- REQUIRED WORK
Print the lines in the listing below that fall between the line with "Kaukāzieša un Aļaskas" and the line with "- Great for", those two lines included, exactly as they stand and with nothing else.

- DATA FOR ANALYSIS
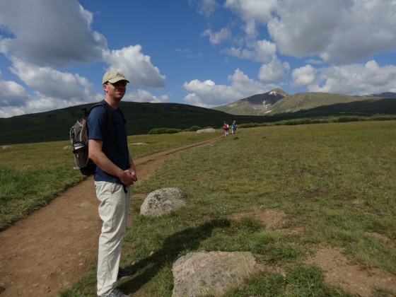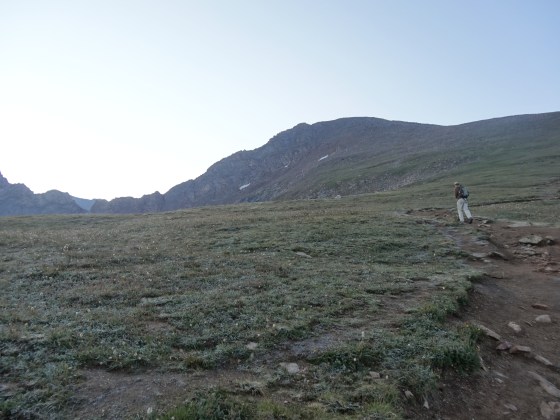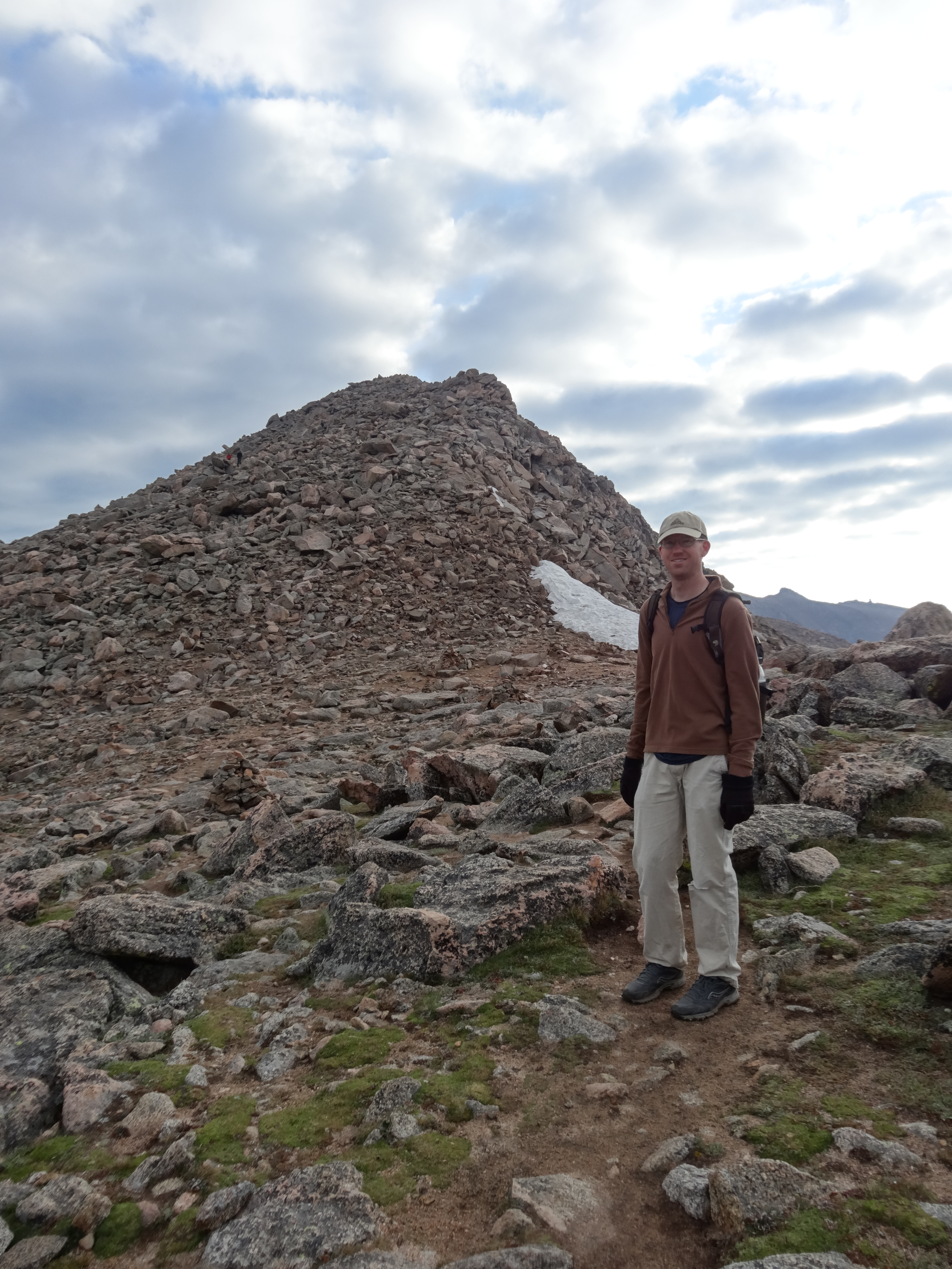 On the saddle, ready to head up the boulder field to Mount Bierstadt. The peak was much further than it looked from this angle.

...

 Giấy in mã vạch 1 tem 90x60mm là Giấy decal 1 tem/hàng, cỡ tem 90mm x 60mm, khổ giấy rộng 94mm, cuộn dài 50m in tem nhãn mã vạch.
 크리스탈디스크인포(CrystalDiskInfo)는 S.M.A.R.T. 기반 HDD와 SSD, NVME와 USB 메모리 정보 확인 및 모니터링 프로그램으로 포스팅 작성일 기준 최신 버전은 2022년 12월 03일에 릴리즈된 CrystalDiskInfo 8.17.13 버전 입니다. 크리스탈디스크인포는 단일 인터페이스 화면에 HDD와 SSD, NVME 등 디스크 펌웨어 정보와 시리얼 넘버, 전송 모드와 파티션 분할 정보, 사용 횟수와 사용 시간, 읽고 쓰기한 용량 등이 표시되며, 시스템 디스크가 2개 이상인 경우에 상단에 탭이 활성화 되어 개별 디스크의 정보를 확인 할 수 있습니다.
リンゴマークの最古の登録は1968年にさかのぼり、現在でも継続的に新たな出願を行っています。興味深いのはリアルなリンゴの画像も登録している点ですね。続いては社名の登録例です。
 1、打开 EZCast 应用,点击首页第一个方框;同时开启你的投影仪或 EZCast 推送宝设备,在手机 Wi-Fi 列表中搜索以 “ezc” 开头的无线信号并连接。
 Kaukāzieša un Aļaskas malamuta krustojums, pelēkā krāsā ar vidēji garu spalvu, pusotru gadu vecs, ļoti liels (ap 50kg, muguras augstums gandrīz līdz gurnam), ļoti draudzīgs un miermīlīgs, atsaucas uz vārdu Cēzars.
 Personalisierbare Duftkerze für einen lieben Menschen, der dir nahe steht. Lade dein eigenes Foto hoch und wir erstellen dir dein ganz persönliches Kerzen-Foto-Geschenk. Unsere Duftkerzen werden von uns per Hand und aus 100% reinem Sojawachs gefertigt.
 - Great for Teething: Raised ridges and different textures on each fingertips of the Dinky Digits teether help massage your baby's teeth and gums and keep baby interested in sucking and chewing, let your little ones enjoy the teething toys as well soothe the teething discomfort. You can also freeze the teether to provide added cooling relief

...

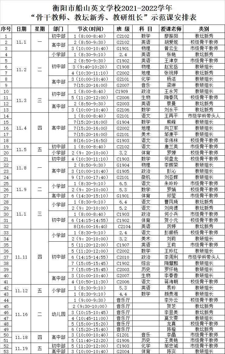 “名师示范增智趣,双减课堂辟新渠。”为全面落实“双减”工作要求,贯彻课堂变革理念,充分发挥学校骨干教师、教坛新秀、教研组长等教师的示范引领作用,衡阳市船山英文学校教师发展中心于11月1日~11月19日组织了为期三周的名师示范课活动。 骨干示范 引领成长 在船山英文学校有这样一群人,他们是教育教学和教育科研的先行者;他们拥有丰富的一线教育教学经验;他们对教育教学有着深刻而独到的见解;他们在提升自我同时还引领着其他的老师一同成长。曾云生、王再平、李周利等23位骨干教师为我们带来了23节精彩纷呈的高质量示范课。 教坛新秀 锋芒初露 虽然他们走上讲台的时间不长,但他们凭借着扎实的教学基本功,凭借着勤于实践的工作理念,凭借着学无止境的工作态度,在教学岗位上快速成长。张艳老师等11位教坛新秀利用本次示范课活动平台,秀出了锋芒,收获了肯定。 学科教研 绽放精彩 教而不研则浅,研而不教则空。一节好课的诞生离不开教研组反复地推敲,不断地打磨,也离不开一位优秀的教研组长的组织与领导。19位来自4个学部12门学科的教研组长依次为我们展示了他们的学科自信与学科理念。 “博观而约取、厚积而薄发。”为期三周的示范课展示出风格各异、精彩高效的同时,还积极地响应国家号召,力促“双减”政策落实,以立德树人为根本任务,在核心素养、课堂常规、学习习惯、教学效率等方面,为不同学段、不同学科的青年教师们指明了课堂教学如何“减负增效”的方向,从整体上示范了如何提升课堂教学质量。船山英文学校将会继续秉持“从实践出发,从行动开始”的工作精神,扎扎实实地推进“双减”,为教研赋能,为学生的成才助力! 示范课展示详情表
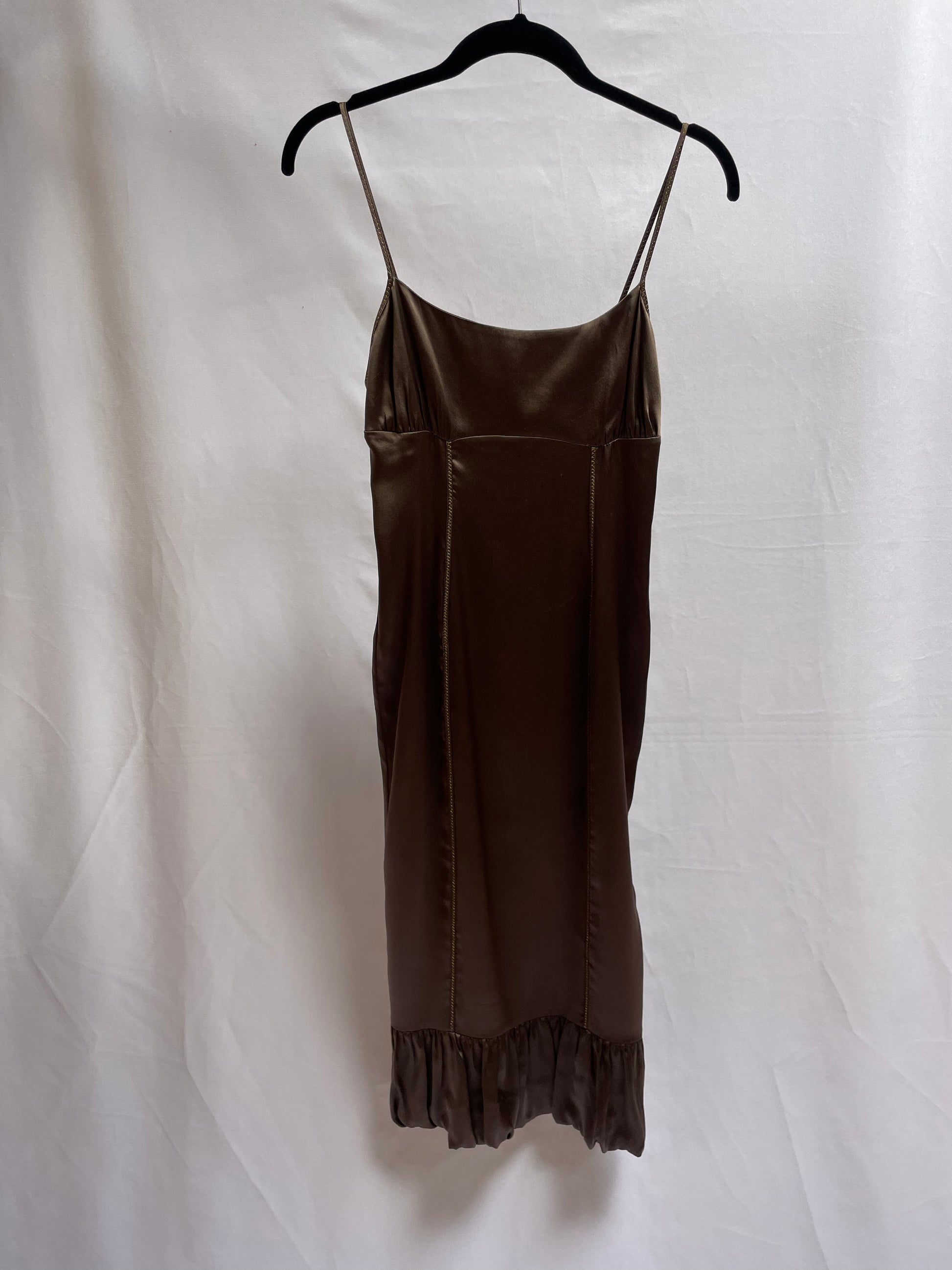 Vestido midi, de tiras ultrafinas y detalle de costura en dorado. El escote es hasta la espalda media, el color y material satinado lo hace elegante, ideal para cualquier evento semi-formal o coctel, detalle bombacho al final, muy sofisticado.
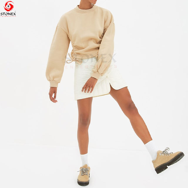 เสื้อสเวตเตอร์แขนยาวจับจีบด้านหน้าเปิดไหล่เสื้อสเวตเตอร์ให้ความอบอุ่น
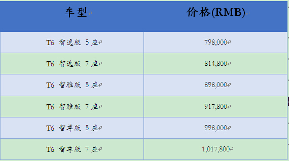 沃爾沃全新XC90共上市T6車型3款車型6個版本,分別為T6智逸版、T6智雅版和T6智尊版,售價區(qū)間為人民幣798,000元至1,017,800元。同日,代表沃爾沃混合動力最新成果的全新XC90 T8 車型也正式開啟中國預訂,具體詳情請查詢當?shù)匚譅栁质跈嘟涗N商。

- OUTPUT BELOW
 Kaukāzieša un Aļaskas malamuta krustojums, pelēkā krāsā ar vidēji garu spalvu, pusotru gadu vecs, ļoti liels (ap 50kg, muguras augstums gandrīz līdz gurnam), ļoti draudzīgs un miermīlīgs, atsaucas uz vārdu Cēzars.
 Personalisierbare Duftkerze für einen lieben Menschen, der dir nahe steht. Lade dein eigenes Foto hoch und wir erstellen dir dein ganz persönliches Kerzen-Foto-Geschenk. Unsere Duftkerzen werden von uns per Hand und aus 100% reinem Sojawachs gefertigt.
 - Great for Teething: Raised ridges and different textures on each fingertips of the Dinky Digits teether help massage your baby's teeth and gums and keep baby interested in sucking and chewing, let your little ones enjoy the teething toys as well soothe the teething discomfort. You can also freeze the teether to provide added cooling relief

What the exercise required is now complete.